Abstract:
Big data is not a new terminology in the Information Technology sector anymore. With the emergence of big data, arise the need for analyzing large amounts of data that consist trillions of records. Additionally, big data have already penetrated multiple areas in data analytics. Therefore, different technological solutions were developed to handle these big data complexities. However, even after decades, contemporary solutions are unable to address complex issues and overcome several limitations.

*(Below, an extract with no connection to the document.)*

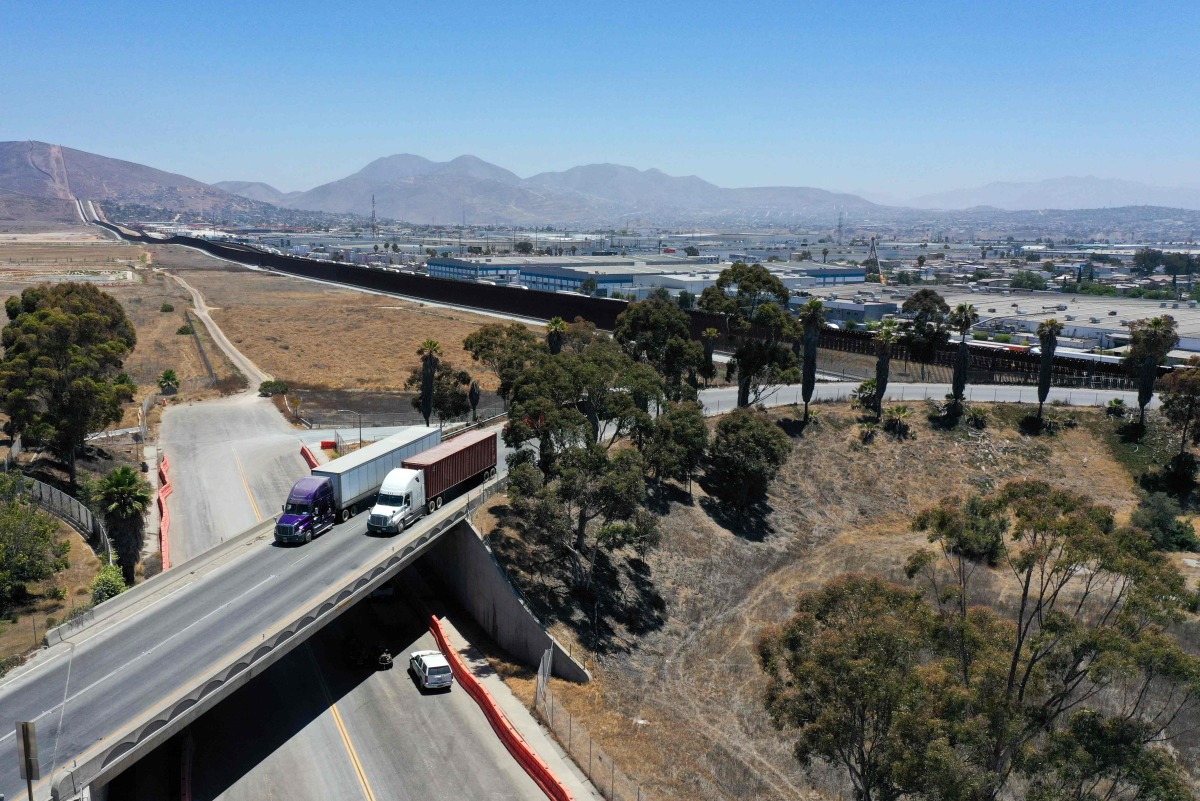 This aerial image shows a section of border wall as trucks drive into a California Highway Patrol (CHP) inspection station after entering the US from Mexico, crossing the border at the US Customs and Border Protection (CBP) Otay Mesa Land Port of Entry, in Otay Mesa, California on July 31, 2025. Photo by Patrick T. Fallon / AFP

Lack of a common communication standard has resulted in many issues in big data analytics. Presently, all the big data solution companies are using their in-house ad hoc communication methods to perform analytics. Unfortunately, this leads to limitations in integration and reusability of the solutions built. To overcome this, Microsoft introduced the XMLA (XML for Analysis), an industry standard for accessing data in analytical systems, namely OLAP (online analytical processing) systems. XMLA was well standardized and well designed for accessing data through Multi-Dimensional Expressions (MDX). Development of tailor-made query languages to access and analyze the stack of scattered data stores has caused the creation of different standards. This leads to the state where almost all big data services offering their proprietary query languages and APIs for data analysis.
This research is to propose a methodology for addressing the ad-hoc integration of these big data analytics endpoints through a JSON based specification by reusing XMLA structures. The research components are publishing a communication model using JSON specification and proposing to adopt the standards to existing stores. This solution will enable frontend tools to be fully independent of the backend storage model. Also, this will allow existing JSON standardized frontend tools to easily integrate with big data analytics through eliminating the necessity of a specific frontend tool aiming a data store.